The point is that this particular NPD report (which is the only one from them I can speak to) is hurling towards irrelevance. It’s numbers have never been wholly accurate but as the industry evolves and shares less data with them, they become even fuzzier. NPD is very careful to not point this out and the enthusiast press is doing the same because the doom and gloom stories they write with them drive traffic and controversy. There’s a reason the more credible sites like Giant Bomb don’t really talk about them, despite the most ravenous fans being there. Continuing to use this report (and the analyst quotes it spawns) as any kind of true barometer of the industry’s health is poor journalism, nothing more.
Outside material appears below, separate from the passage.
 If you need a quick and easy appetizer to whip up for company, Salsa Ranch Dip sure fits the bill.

On the subject of Darksiders II, it’s premature to sound THQ’s death bell over these numbers but it is important to note that just because NPD’s report is not wholly useful doesn’t mean the game is doing great and we just don’t know. Publishers love to send out press releases when titles sell even as well as expected and that hasn’t happened yet. Ultimately, the best place to tell how well this and indeed every title has performed will be in the publisher’s earnings call. They may not reveal exact sales numbers but we will know if it met, beat or fell short of expectations. Until the companies for whom these sales truly count have their say, anything NPD says really doesn’t matter any more.
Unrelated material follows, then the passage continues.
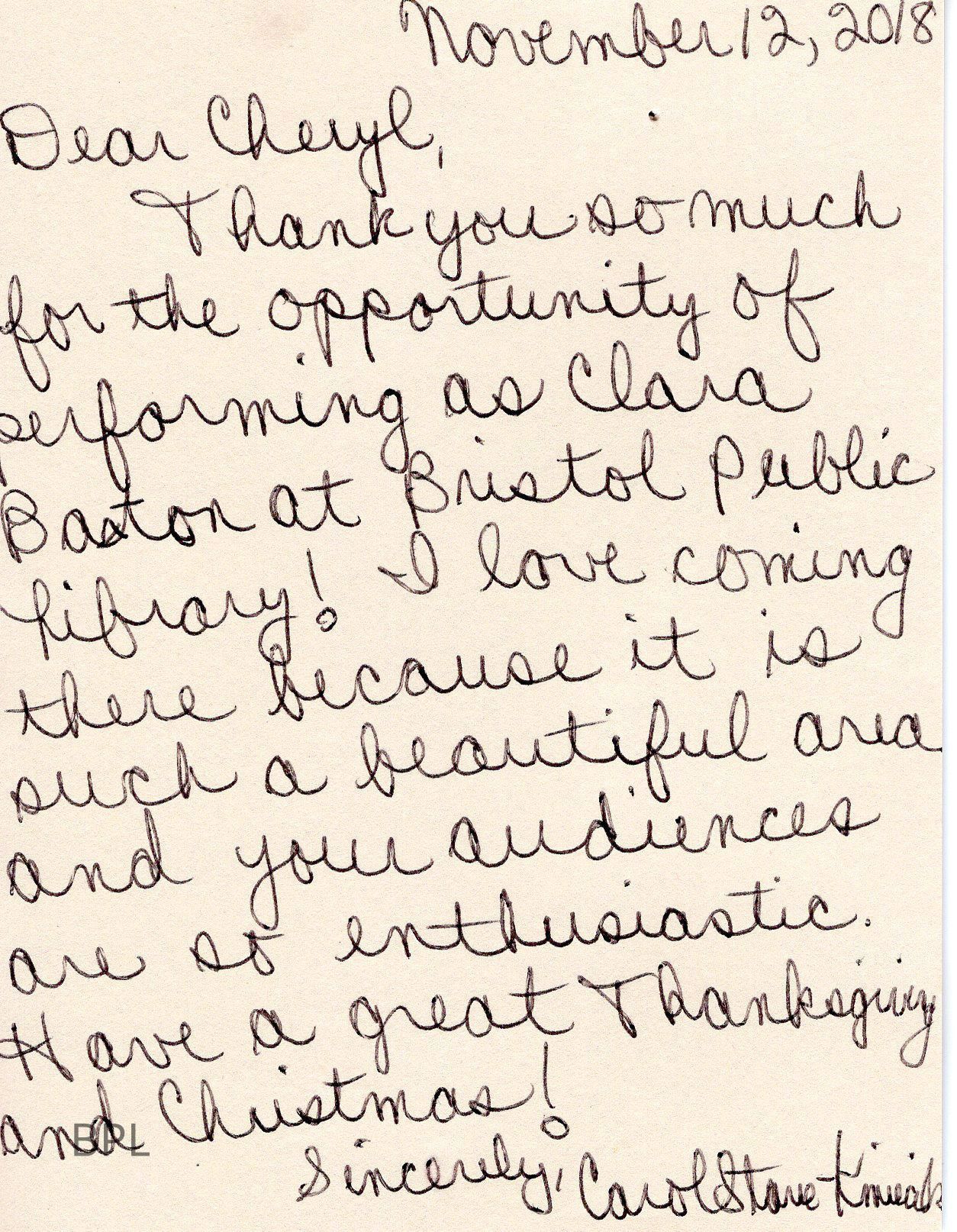 Thank You Card from Carol Starre Kmiecik to Friends Bristol Public Library for Opportunity to Protyal of Clara Barton at Bristol Public Library November 2018

This is a two pronged problem, both in the NPD report itself and once again, the enthusiast press which falls asleep on their responsibility to provide context in order to aid sensationalism. There’s a reason you don’t see stories in the mainstream press talking about the next video game crash every time one of these declining reports come out. It’s partly because NPD numbers aren’t a huge deal outside enthusiast circles but also likely because their report doesn’t pass the smell test. When it’s easy for a total non-journalist like me to realise their data is a joke, what excuse does the actual press have? The publishers are not the best place to get accurate sales data either but whether they’re in the red or in the black is a better barometer for the industry’s health than anything NPD says. If you want to know how things are doing, read an analysis of publisher earnings. Don’t listen to NPD, don’t listen to the stories about NPD and especially don’t listen to the likes of Dent, Pachter, Broussard, Sebastian and all the other analysts who use them as a basis to get their names noticed and know no more or better than NPD themselves.